In recent times, the AI community has witnessed a remarkable surge in the development of larger and more performant language models, such as Falcon 40B, LLaMa-2 70B, Falcon 40B, MPT 30B, and in the imaging domain with models like SD2.1 and SDXL. These advancements have undoubtedly pushed the boundaries of what AI can achieve, enabling highly versatile and state-of-the-art image generation and language understanding capabilities. However, the breakthrough of large models comes with substantial computational demands. To resolve this issue, recent research on efficient Stable Diffusion has prioritized reducing the number of sampling steps and utilizing network quantization.

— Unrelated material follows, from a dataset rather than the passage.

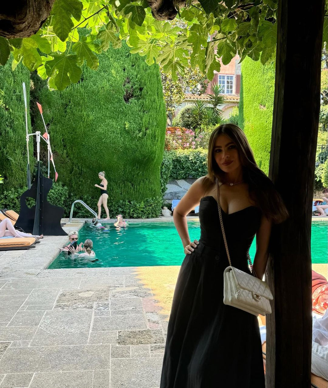 Superba actriță din Modern Family, în vârstă de 52 de ani, a îmbrăcat în fotografiile postate o rochie fără bretele cu imprimeu floral, care i-a pus în evidență silueta. Ea a purtat tocuri aurii pe care le-a asortat cu o geantă aurie de la un brand celebru.

Moving towards the goal of making image generative models faster, smaller, and cheaper, Tiny-SD was proposed by Segmind. Tiny SD is a compressed Stable Diffusion (SD) model that has been trained on Knowledge-Distillation (KD) techniques and the work has been largely based on this paper. The authors describe a Block-removal Knowledge-Distillation method where some of the UNet layers are removed and the student model weights are trained. Using the KD methods described in the paper, they were able to train two compressed models using the 🧨 diffusers library; Small and Tiny, that have 35% and 55% fewer parameters, respectively than the base model while achieving comparable image fidelity as the base model. More details about model can be found in model card, blog post and training repository.
This notebook demonstrates how to convert and run the Tiny-SD model using OpenVINO.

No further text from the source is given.